10.2 Notwithstanding Clause 10.1, the Provider may disclose the Customer Confidential Information to the Provider's officers, employees, professional advisers, insurers, agents and subcontractors who have a need to access the Customer Confidential Information for the performance of their work and who are bound by a written agreement or professional obligation to protect the confidentiality of the Customer Confidential Information.

10.3 This Clause 10 imposes no obligations upon the Provider with respect to Customer Confidential Information that:

  • (a) is known to the Provider before disclosure under these Terms and Conditions and is not subject to any other obligation of confidentiality;
  • (b) is or becomes publicly known through no act or default of the Provider; or
  • (c) is obtained by the Provider from a third party in circumstances where the Provider has no reason to believe that there has been a breach of an obligation of confidentiality.
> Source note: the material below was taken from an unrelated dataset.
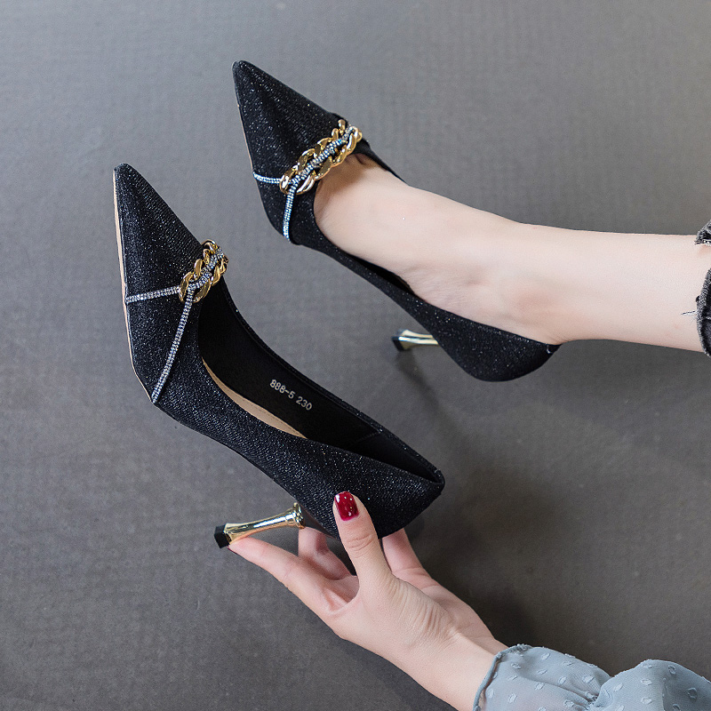 单鞋 百搭尖头浅口法式 女 女细跟优雅搭配裙子2025新款 香槟色高跟鞋

10.4 The restrictions in this Clause 10 do not apply to the extent that any Customer Confidential Information is required to be disclosed by any law or regulation, by any judicial or governmental order or request, or pursuant to disclosure requirements relating to the listing of the stock of the Provider on any recognised stock exchange.

10.5 The provisions of this Clause 10 shall continue in force indefinitely following the termination of the Agreement.

11. Data protection

11.1 The Customer warrants to the Provider that it has the legal right to disclose all Personal Data that it does in fact disclose to the Provider under or in connection with these Terms and Conditions, and that the processing of that Personal Data by the Provider for the operation of the Hosted Service in accordance with these Terms and Conditions will not breach any applicable data protection or data privacy laws (including the Data Protection Act 1998).
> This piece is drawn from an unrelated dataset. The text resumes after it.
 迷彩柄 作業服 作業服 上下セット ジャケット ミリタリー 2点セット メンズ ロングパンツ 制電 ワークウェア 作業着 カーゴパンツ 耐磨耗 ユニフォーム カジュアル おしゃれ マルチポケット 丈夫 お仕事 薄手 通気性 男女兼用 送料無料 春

11.2 To the extent that the Provider processes Personal Data disclosed by the Customer, the Provider warrants that:

  • (a) it will act only on instructions from the Customer in relation to the processing of that Personal Data;
  • (b) it has in place appropriate security measures (both technical and organisational) against unlawful or unauthorised processing of that Personal Data and against loss or corruption of that Personal Data.

11.3 The Customer authorises the use of data in an anonymised format for validation and benchmarking purposes within the provisions of clause 6.

11.4 The Customer authorises the use of third-party email providers to handle any email invitations sent using the Hosted Service.

12. Warranties

12.1 The Provider warrants to the Customer that the Provider has the legal right and authority to enter into the Agreement and to perform its obligations under these Terms and Conditions;

12.2 The Provider warrants to the Customer that:

  • (a) the Platform and Hosted Services will conform in all material respects with the Hosted Services Specification;
  • (b) the Hosted Services will be free from Hosted Services Defects;
  • (c) the application of Updates and Upgrades to the Platform by the Provider will not introduce any Hosted Services Defects into the Hosted Services; and
  • (d) the Platform will incorporate security features reflecting the requirements of good industry practice.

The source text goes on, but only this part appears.